Aan bepaalde vergelijkingen valt moeilijk te ontkomen, zoals in de cartoon van Adriaan Soeterbroek op de VARA-weblog Joop.nl,  maar die noemt Wilders dan weer 'walgelijk' en 'ziekelijk'.

Toch denk ik dat hij het binnenskamers allemaal prachtig vindt: bot in de bek, lekker stoken, op tijd zelf het slachtoffer uithangen. Daar worden Wildersachtigen altijd beter van.


Adriaan Soeterbroek in Joop.nl

maandag 7 februari 2011

7 februari


Gezien: Rundskop, film noir in de ware zin, in een hard, lelijk, grijs-bruin-zwart decor waar de betere Belgische filmmakers een patent op hebben. Geen echte kleuren in Rundskop, of het zouden de rode lichtjes moeten zijn op de Chaussée d'Amour, maar ook die zitten weg achter Haspengouwse nevel. Bloedrood alleen als er echt bloed vloeit, tussen de benen van Christus aan zijn kruis, of uit de mond van kleine Jacky. Zo'n film die over iets gaat, die niet plakt van de kleffe kalenderplaatjes, waar wel iemand vermoord wordt, maar buiten beeld, en daar gaat het niet over. Waarin de acteurs voor een keer eens geen veredeld Antwerps praten, maar eerlijk Sintrùins of Kusts, en alleen als het nodig is, en dat is niet zo veel.
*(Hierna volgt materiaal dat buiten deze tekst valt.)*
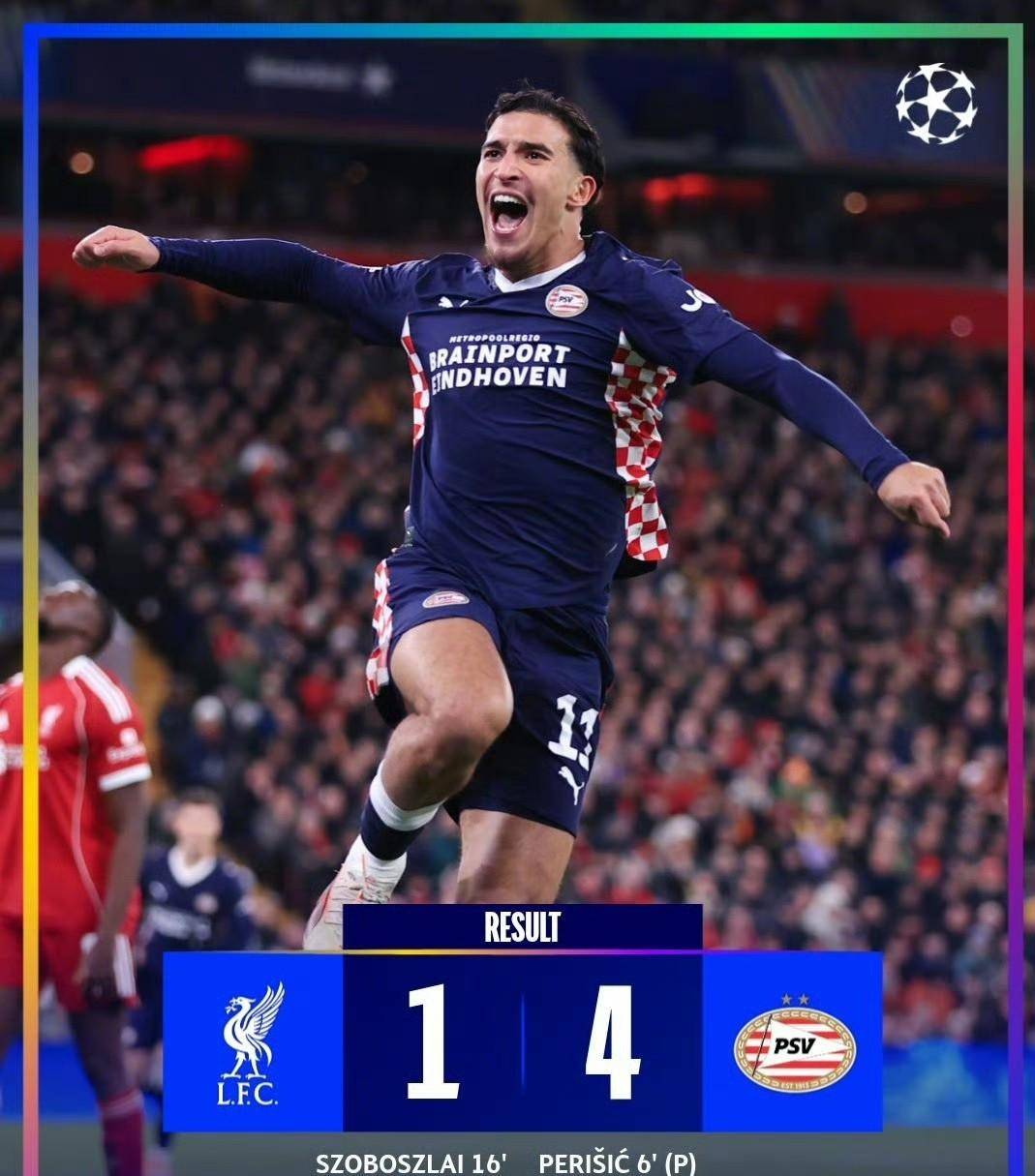 แมนเชสเตอร์ ซิตี้ หล่นไปอยู่อันดับที่เก้าด้วยคะแนน 10 แต้ม หลังจากพ่ายแพ้ในแชมเปียนส์ลีกเป็นครั้งแรกในฤดูกาลนี้; ลิเวอร์พูลตกไปอยู่อันดับที่ 13 หลังจากพ่ายแพ้ 4-1; ท็อตแน่ม ฮ็อตสเปอร์ ซึ่งพ่ายแพ้ต่อปารีส แซงต์-แชร์กแมง บันทึกความพ่ายแพ้ครั้งแรกของพวกเขาและอยู่อันดับที่ 16 ด้วยคะแนน 8 แต้ม; บาร์เซโลนาอยู่อันดับที่ 18 ด้วยคะแนน 7 แต้ม; ยูเวนตุสอยู่อันดับที่ 22.

Een film die begint met de moraal: gekloeët zé dzj' àltèèt. En kópt oer bèèn én ne bàànwienkel.*

(*Sint-Truidense aangepaste spelling, Sintrùinse Diksjònèèr, 't Neigemènneke, 1995).

zaterdag 5 februari 2011

6 februari

 
'Eén op de tien tieners verkiest communiceren via een sociaalnetwerksite boven reallifecommunicatie'. Mijn krant citeert een onderzoek van de Universiteit Antwerpen.
Communiceren via een sociaalnetwerksite, dat versta ik. Facebook en zo, Twitter. Ik heb dat nog nooit van dichtbij gezien, en zo is het goed, maar ik kan me er wel iets bij voorstellen. Janneke is gisteren wezen zwemmen met Mieke, zie fotootje, het was weer keigezellig. Meer problemen heb ik met die andere negen tieners die zweren bij reallifecommunicatie. Vast weer een nieuwe trend, erg populair ook nog, en dit keer heb ik hem helemaal gemist. Wat is daar voor nodig? Een real life? Heb ik dat? Mogelijk niet. 'Get a life', hoor je wel eens. Misschien moet ik dat eerst maar eens doen.


vrijdag 4 februari 2011

4 februari



Hoe is 't? vroeg achter mij iemand aan iemand anders.
Dat gaat. Blij dat de winter voorbij is, was het antwoord.
De plaats van het gebeuren was de wekelijkse markt hier in S. Het was rond de middag, de zon scheen.
Heb je dat gehoord? zei ik tegen mijn gade. De winter is voorbij!
We vonden het allebei schitterend nieuws. Toen ik weer thuis was heb ik een boekje meegenomen naar buiten. Ik heb zitten lezen op de bank tegen de keukenmuur. Het leek best koud nog, maar dat was dus inbeelding.